"If you can’t measure it, you can’t improve it." -- by Peter Drucker
In domain of Automatic Speech Recognition(ASR), people claim SOTA in research papers, in industrial PR articles. The claim of SOTA is problematic because:
- For industry, there is no objective and quantative benchmark on how these commercial APIs perform in real-life scenarios, at least in public domain.
- For academia, it is becoming harder today to compare ASR models due to the fragmentation of deep learning frameworks and speech toolkits.
- How are academic SOTA and industrial SOTA related ?

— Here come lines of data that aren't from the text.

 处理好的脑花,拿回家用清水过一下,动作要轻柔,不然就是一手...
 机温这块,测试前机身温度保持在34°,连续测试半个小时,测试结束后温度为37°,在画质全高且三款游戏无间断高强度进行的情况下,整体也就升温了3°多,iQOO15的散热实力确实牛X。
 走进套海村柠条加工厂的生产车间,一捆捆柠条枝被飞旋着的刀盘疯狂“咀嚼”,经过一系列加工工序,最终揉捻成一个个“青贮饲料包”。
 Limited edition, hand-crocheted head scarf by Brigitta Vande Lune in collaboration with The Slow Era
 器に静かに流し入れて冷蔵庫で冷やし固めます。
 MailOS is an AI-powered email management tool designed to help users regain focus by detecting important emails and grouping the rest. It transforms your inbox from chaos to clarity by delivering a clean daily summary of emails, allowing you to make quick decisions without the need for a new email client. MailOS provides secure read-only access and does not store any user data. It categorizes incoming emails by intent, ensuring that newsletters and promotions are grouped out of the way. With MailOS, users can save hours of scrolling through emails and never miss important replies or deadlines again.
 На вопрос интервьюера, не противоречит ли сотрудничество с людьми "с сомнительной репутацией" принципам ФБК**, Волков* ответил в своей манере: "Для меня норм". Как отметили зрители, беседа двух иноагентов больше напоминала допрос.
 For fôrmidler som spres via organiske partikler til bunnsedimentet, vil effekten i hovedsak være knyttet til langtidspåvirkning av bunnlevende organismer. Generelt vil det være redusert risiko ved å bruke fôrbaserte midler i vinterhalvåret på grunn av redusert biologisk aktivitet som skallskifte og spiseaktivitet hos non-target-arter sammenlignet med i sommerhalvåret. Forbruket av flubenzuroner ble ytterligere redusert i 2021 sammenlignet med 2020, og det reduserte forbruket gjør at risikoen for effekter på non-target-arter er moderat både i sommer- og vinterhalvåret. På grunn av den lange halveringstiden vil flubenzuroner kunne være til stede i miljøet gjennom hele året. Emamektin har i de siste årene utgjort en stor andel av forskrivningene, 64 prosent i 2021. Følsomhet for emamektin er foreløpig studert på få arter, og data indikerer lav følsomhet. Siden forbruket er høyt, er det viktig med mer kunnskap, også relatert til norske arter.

As above figure shows, SpeechIO leaderboard serves as an ASR benchmarking platform, by providing 3 components:
- TestSet Zoo:
- SpeechIO test sets: carefully curated by SpeechIO authors, crawled from publicly available sources(Youtube, TV programs, Podcast etc), covering various common acoustic scenarios(AM) and content domains(LM & vocabulary) that are familiar to the public, labeled by professional annotators with great cautions.
- open-sourced test sets: collected from all sorts of open-sourced datasets
- open for people who are willing to contribute their own test sets
- Model Zoo
- aggregates commercial ASR APIs (e.g. google, aws, baidu, alibaba, tencent, iflytek, etc)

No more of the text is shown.